Communication and instrumentation system
- Deep-space communication
- VHF transmitter and receiver
- Intercommunication system
- Near-field transceiver
- C-band transponder
- Altimeter and rendezvous radar
- Minitrack beacon
- HF/VHF recovery subsystem
- Data disposition (telemetry and onboard recorders)
- Subsystem calibration
- Auxiliary instrumentation (clock, cameras, telescope)
The equipment was unspecified but would be fitted into ten cubic feet and weigh 250 pounds.

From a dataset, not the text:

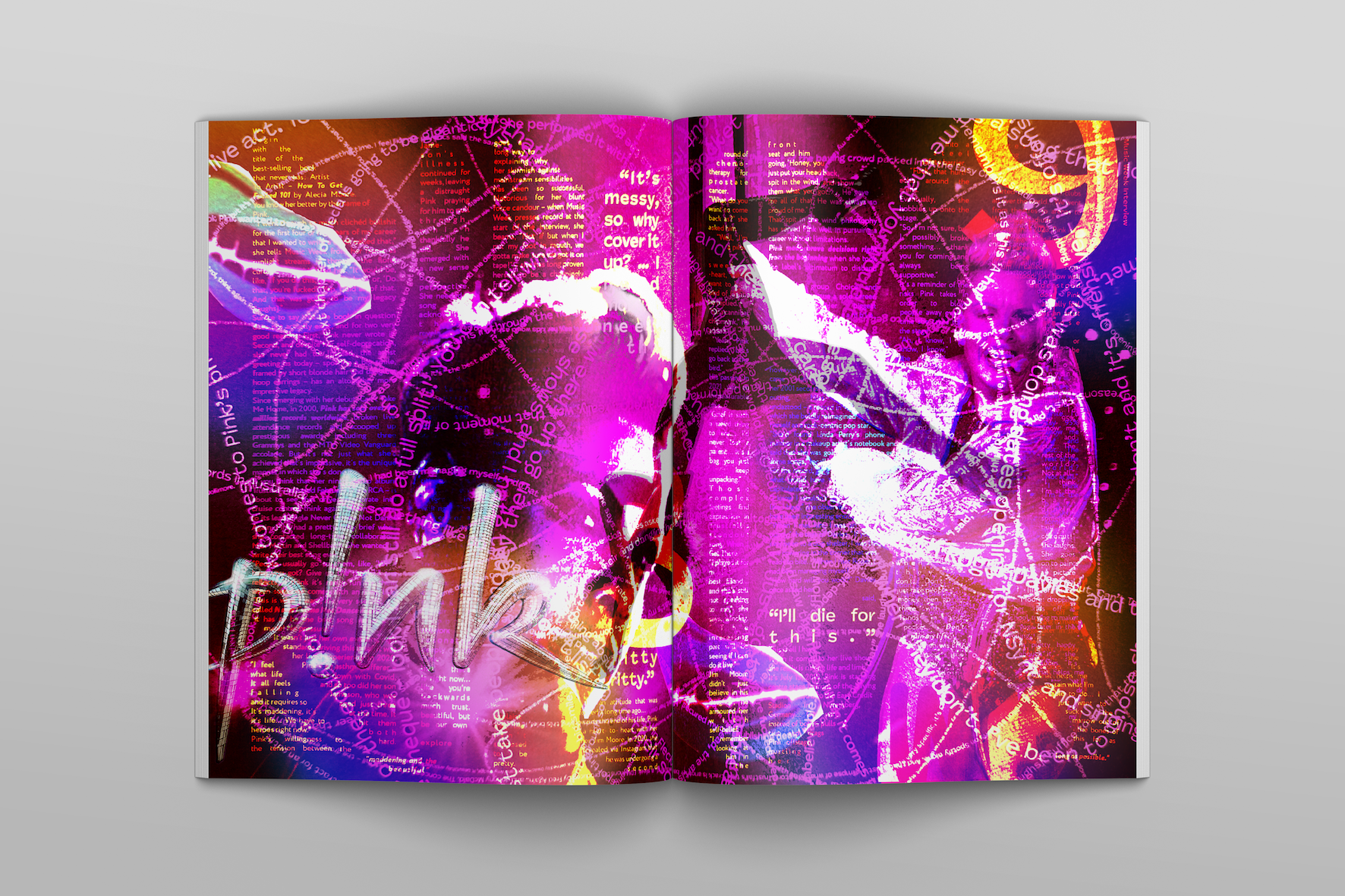 The result is an experimental magazine feature about P!NK that captures the intensity, movement, and emotion of her concerts. Through dynamic layouts and bold visual choices, the design mirrors her performance style, creating a piece that feels just as powerful and alive as the artist herself.

In addition to the description of the major command and service module systems, the Statement of Work outlined the general concepts of the lunar landing module and space laboratory module.
Lunar landing module
The basic systems comprised :
Lunar touchdown system to arrest impact, support the spacecraft during its period on the moon, and provide a launching base
Guidance and control, provided by the command and service modules
Main propulsion system, for translunar velocity control and the gross velocity decrement required for lunar landing, using liquid-hydrogen - liquid-oxygen propellant
Terminal propulsion system, to provide propulsion and attitude reaction control to perform the terminal descent maneuver, including hovering and translation
Structural system, to meet the same requirements as specified for the command and service modules
Space laboratory module
The module would be used in earth orbital flights for special experiments. It would provide its own power supply, environmental control system, etc., without demand on the command and service module systems and could support two of the three Apollo crewmen except for their food and water.